Indeed, the fall defied some further bullish talk on the dent to production in Indonesia and Malaysia, responsible for some 80% of world production of the vegetable oil, from dry weather.

"Drought will weaken tree structures, resulting in lower production of fresh fruit bunches," Phillip Futures said, noting that Indonesia had kept its export tax at 10.5% despite the prospect of a hit to production, at a time of growing domestic demand for palm oil for making biodiesel.

The move was "likely implemented to match Malaysia's unchanged March export tax at 5%, to maintain export competitiveness", the broker said.

Meanwhile, Chinese January import data for palm oil appeared supportive too, in rising 17.8% to 556,523 tonnes year on year (with most of the increase in purchases from Malaysia).

'Crush margins are not good'

For soybeans, Chinese import data appeared decent too, at 5.91m tonnes, up 24% year on year with increases in purchases from Canada as well as the US.

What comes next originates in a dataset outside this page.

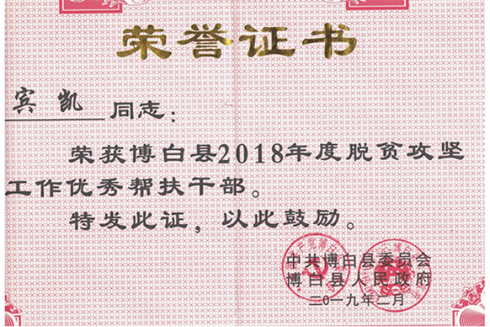 据博白县委县政府《关于表彰博白县2018年度脱贫攻坚先进集体和先进个人的决定》(博发〔2019〕8号),beat365官网派驻博白县东平镇英梅村李进堂同志荣获博白县2018年脱贫攻坚工作优秀第一书记,派驻博白县松旺镇周北村宾凯同志荣获博白县2018年脱贫攻坚工作优秀帮扶干部荣誉称号。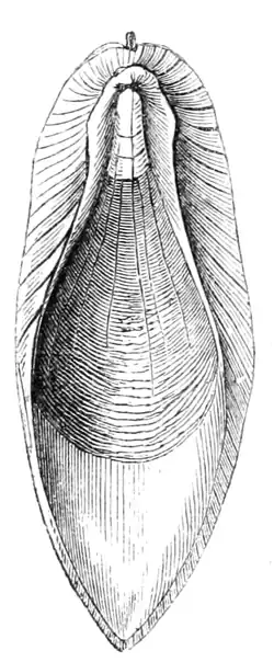 The lingering rudiment of a vertebrate skeleton in these animals has been already noticed; their body encloses, however, a solid support of quite another nature, which represents the true shell so characteristic of Mollusca generally. Within the substance of the mantle, if we slit it up along the line of the back, we find an oblong cavity, within which lies loose, and unconnected with it a large plate, horny in some species and shelly in others. The pen of the common Squid (Loligo vulgaris) is of the former texture; the substance called cuttle-bone, so often found on sandy beaches, is of the latter; but both are strictly analogous to the shell of the slug, which is also enclosed within the mantle; and both are formed in the same manner, namely, by a deposition of horny or shelly matter in a fluid state from the sides of the containing cavity.

Indeed, China's imports of Canadian soybeans, at 314,337 tonnes, exceeded those from Brazil, at 116,065 tonnes, although that dynamic will of course reverse as Brazil's harvest brings a surge of fresh supplies this month.

However, not all the news from China was so supportive, with the downside of huge imports is that it may mean a, temporary, surplus of supplies.

"Chinese port supplies are ample, crush margins are not good and the health of their economy remains in question," Brian Henry at Benson Quinn Commodities said, noting Thursday's soft reading to an HSBC purchasing manager' index for China.

Poultry hit

Certainly, price movements in China itself, the top soybean importer, on Friday did little to improve crush margins.

Prices of soybeans themselves nudged higher, by 0.1% to 4,712 yuan a tonne for May delivery, and by all of 2 yuan to 4,509 yuan a tonne for the better-traded September contract.

But May soymeal fell by 0.7% to 3,402 yuan a tonne, more than offsetting a 0.1% increase to 6,790 yuan a tonne in May soyoil.

In fact, there is talk of difficult times among Chinese poultry producers, with reports of losses of 10bn yuan ($1.65bn) in the industry, and growing by 1bn yuan a month, thanks to the dent to demand and prices from the H7N9 bird flu outbreak.

Guangdong, the top Chinese producing province, is seen as particularly badly hit, and there is talk of one large producer being brought to the verge of bankruptcy.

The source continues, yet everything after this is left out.